Selain itu, menurut Roy, peredaran uang di masyarakat juga mengalami penurunan signifikan, turun sekitar 16% dibandingkan tahun sebelumnya. Pada 2024, peredaran uang mencapai Rp137 triliun, sementara di 2025 hanya sekitar Rp114 triliun.
“Indeks penjualan ritel (IPR) kita juga turun dari 122 menjadi 112. Jadi semua indikator menandakan memang masyarakat menahan, menahan belanja. Jadi ada dua model. Ada yang menahan belanja meski mereka punya uang, ada juga yang menahan belanja karena mereka ter-PHK," sebut Roy.
Roy juga menyoroti dampak dari penurunan daya beli terhadap pertumbuhan ekonomi.

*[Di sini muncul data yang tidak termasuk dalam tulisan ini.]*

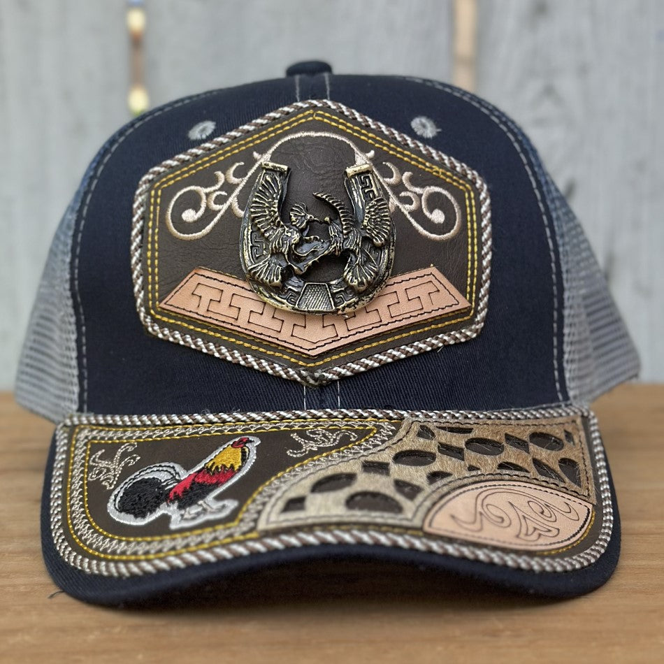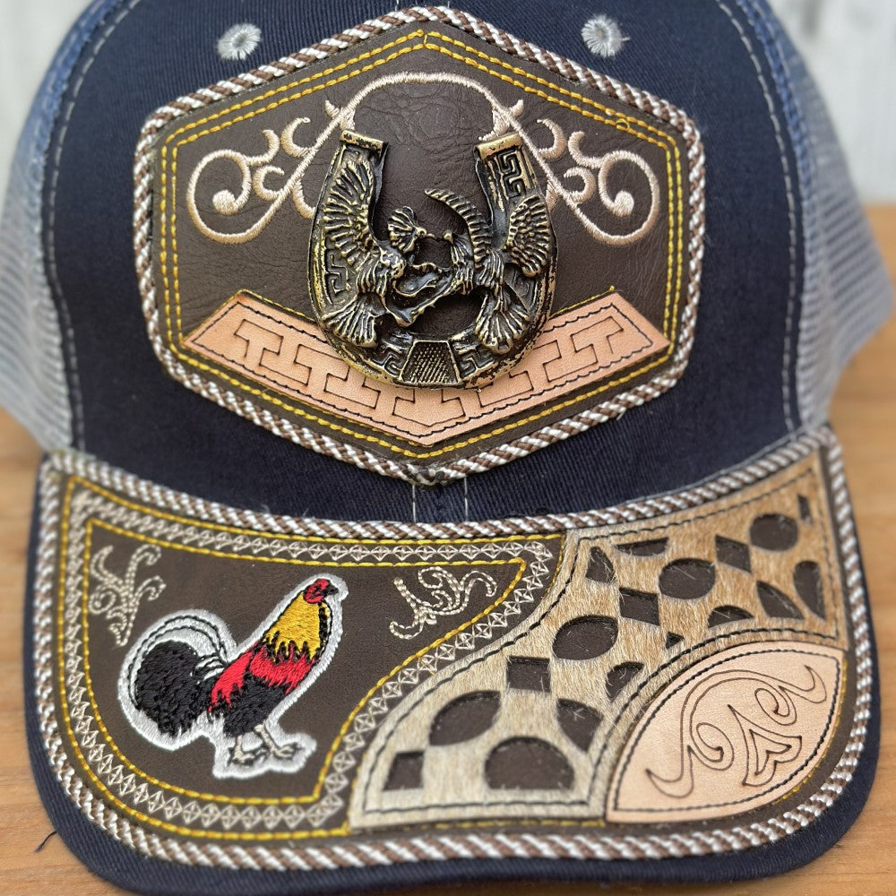 Gorra vaquera azul con diseño de dos gallos y una herradura. Hecha artesanalmente en México, cuenta con detalles hechos a mano y pelo de res auténtico en la gorra

Jika tahun lalu pertumbuhan ekonomi kuartal kedua mencapai 5,17, tahun ini diperkirakan hanya berada di kisaran 4,8-4,9. Pertumbuhan ritel pun tidak lagi mencapai double digit seperti tahun sebelumnya yang berada di angka 18-20%, melainkan hanya sekitar 8-9%.
“Pemerintah seharusnya mencermati indikator-indikator ini untuk mengambil langkah-langkah strategis dalam mendorong konsumsi masyarakat,” pungkas Roy.